SUPPLIED INFORMATION
########################################
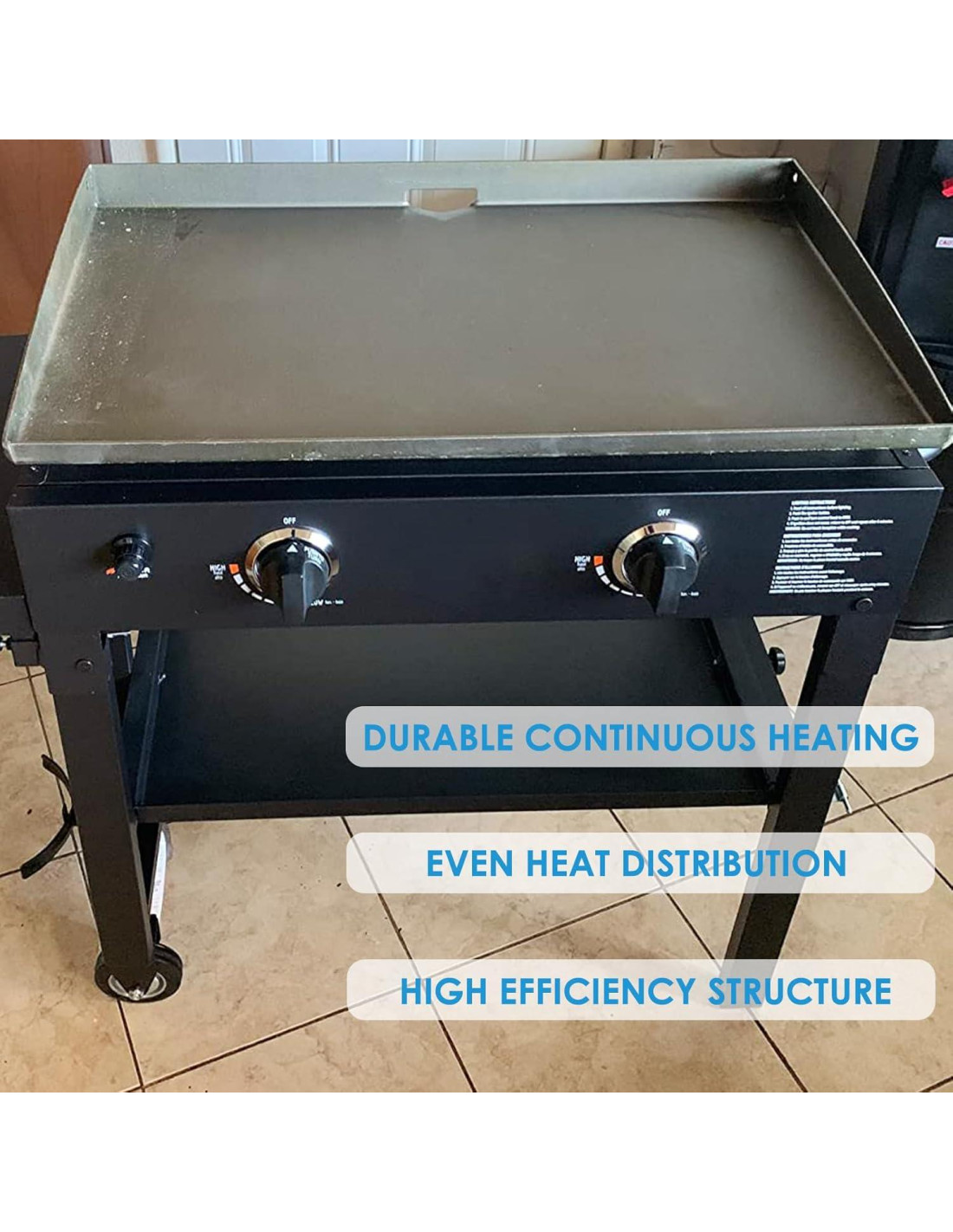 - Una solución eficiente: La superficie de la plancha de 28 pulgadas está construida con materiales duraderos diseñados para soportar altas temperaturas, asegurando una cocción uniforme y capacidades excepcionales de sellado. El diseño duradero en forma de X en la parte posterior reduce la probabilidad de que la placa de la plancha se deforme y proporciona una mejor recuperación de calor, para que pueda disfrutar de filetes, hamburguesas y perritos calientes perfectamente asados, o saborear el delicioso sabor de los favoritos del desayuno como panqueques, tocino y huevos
########################################
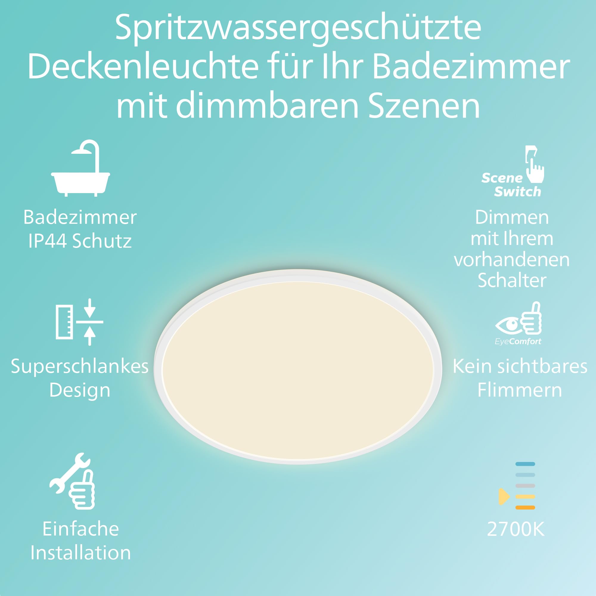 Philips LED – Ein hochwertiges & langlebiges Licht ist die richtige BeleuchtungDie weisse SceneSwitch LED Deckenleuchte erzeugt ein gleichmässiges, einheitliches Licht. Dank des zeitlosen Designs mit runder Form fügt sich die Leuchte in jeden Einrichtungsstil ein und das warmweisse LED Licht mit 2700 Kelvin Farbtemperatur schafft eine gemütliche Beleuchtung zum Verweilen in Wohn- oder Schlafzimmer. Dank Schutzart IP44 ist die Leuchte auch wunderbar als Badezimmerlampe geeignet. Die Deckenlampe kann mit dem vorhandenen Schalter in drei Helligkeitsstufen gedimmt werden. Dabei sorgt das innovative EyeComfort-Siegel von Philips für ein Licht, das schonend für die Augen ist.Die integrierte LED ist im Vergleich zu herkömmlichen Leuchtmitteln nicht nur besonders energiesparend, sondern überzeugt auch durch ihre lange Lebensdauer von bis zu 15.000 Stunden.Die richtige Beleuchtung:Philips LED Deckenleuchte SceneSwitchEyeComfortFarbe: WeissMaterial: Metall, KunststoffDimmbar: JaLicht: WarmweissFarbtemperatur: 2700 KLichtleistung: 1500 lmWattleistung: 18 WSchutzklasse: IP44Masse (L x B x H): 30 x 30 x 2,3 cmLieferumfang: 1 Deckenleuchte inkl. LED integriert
########################################
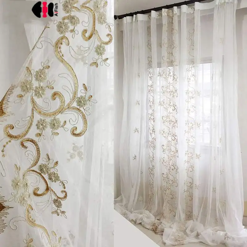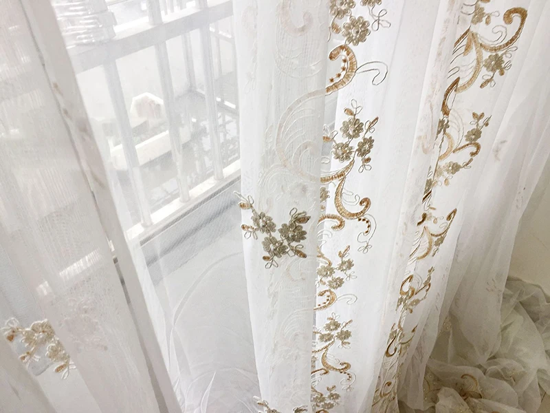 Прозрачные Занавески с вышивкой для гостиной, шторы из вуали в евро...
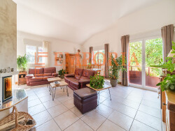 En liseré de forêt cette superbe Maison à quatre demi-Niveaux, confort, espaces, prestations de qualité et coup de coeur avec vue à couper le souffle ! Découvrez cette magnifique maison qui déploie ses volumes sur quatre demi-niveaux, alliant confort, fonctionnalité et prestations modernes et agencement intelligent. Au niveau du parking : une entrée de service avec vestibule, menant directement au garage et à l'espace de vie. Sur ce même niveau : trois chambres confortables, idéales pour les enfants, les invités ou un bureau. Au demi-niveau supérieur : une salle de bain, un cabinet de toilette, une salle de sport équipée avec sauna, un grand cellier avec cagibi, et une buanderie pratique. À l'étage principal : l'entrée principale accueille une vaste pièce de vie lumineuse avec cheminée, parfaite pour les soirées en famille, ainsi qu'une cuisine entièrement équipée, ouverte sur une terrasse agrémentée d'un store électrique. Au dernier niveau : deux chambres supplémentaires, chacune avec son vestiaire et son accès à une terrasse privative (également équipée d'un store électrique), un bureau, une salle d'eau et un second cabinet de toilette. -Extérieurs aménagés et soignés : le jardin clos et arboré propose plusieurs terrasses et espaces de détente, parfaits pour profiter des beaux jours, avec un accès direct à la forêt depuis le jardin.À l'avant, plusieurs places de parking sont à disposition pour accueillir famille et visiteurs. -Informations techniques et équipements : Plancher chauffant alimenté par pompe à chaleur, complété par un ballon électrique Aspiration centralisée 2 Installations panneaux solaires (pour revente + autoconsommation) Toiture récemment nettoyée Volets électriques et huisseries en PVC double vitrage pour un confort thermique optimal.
########################################
YOUR OBJECTIVE
Please copy out from the data above, without any picture, exactly the lines running from the one that holds "Прозрачные Занавески с" through the one that holds "En liseré de", and nothing beyond them.

SOLUTION TO THIS EXERCISE
 Прозрачные Занавески с вышивкой для гостиной, шторы из вуали в евро...
 En liseré de forêt cette superbe Maison à quatre demi-Niveaux, confort, espaces, prestations de qualité et coup de coeur avec vue à couper le souffle ! Découvrez cette magnifique maison qui déploie ses volumes sur quatre demi-niveaux, alliant confort, fonctionnalité et prestations modernes et agencement intelligent. Au niveau du parking : une entrée de service avec vestibule, menant directement au garage et à l'espace de vie. Sur ce même niveau : trois chambres confortables, idéales pour les enfants, les invités ou un bureau. Au demi-niveau supérieur : une salle de bain, un cabinet de toilette, une salle de sport équipée avec sauna, un grand cellier avec cagibi, et une buanderie pratique. À l'étage principal : l'entrée principale accueille une vaste pièce de vie lumineuse avec cheminée, parfaite pour les soirées en famille, ainsi qu'une cuisine entièrement équipée, ouverte sur une terrasse agrémentée d'un store électrique. Au dernier niveau : deux chambres supplémentaires, chacune avec son vestiaire et son accès à une terrasse privative (également équipée d'un store électrique), un bureau, une salle d'eau et un second cabinet de toilette. -Extérieurs aménagés et soignés : le jardin clos et arboré propose plusieurs terrasses et espaces de détente, parfaits pour profiter des beaux jours, avec un accès direct à la forêt depuis le jardin.À l'avant, plusieurs places de parking sont à disposition pour accueillir famille et visiteurs. -Informations techniques et équipements : Plancher chauffant alimenté par pompe à chaleur, complété par un ballon électrique Aspiration centralisée 2 Installations panneaux solaires (pour revente + autoconsommation) Toiture récemment nettoyée Volets électriques et huisseries en PVC double vitrage pour un confort thermique optimal.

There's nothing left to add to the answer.